We have shown that the abdominal aorta and the CIAs readily conformed to musculoskeletal motion and exhibited significant deformations. Musculoskeletal motion, specifically hip flexion, caused significant in vivo morphological changes of the vessels, resulting in shortening, twisting, and bending of the abdominal aorta and the CIAs. Translation of the CIAs was predominantly in the superior direction, so pre-clinical testing of cyclic superior-inferior translational motion may aid in more reliable predictions of stent-graft durability. In turn, stent-graft design and manufacturing could be improved, decreasing overall stent-graft–related complications. Future studies will include analysis of vessel deformation in older and diseased subjects. Ultimately, investigation of in vivo deformations of actual stent-grafts will be required for more complete understanding of device failure mechanisms.

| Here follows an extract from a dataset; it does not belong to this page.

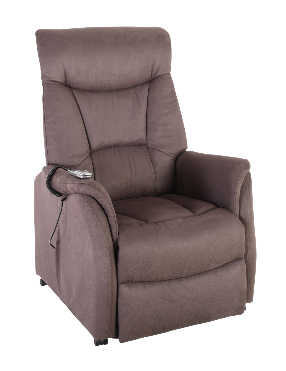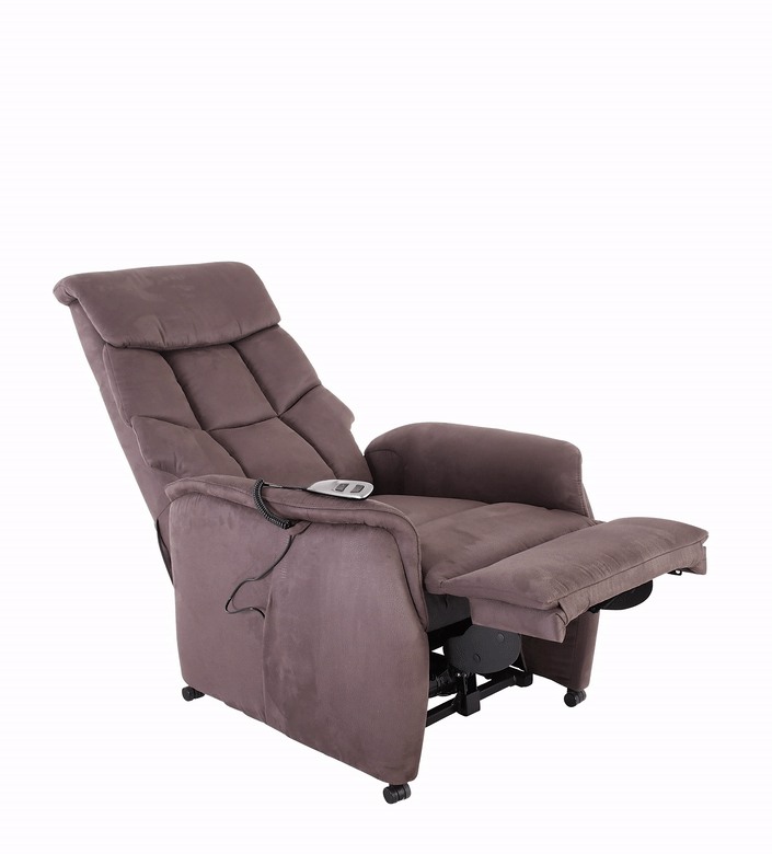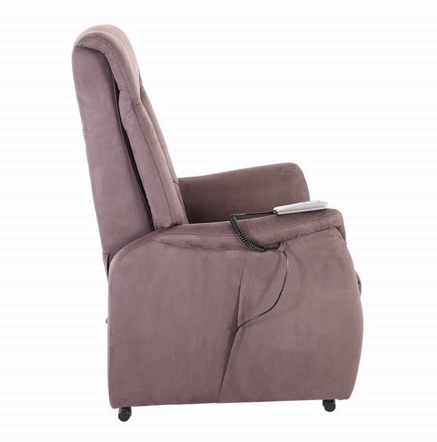Bezug Microfaser, 100% Polyester, Polsterung Stahlwellenunterfederung und Schaumstoff, inkl. motorischer Aufstehhilfe, motorischer Kopfteilverstellung, Relaxfunktion und Fernbedienung, Füße Rollen schwarz, B/H/T ca. 75x113x87 cm.

The authors gratefully acknowledge Anne M. Sawyer, Sandra Rodriguez, and Romi Samra for their assistance with the imaging studies at the Richard M. Lucas Center for Magnetic Resonance Imaging at Stanford.
Funding for this study was provided by the National Institutes of Health (NIH; P41 RR09784, U54 GM072970) and the National Science Foundation (0205741). In accordance with the NIH Public Access Policy, this article is available for open access at PubMed Central.
The authors have no commercial, proprietary, or financial interest in any products or companies described in this article.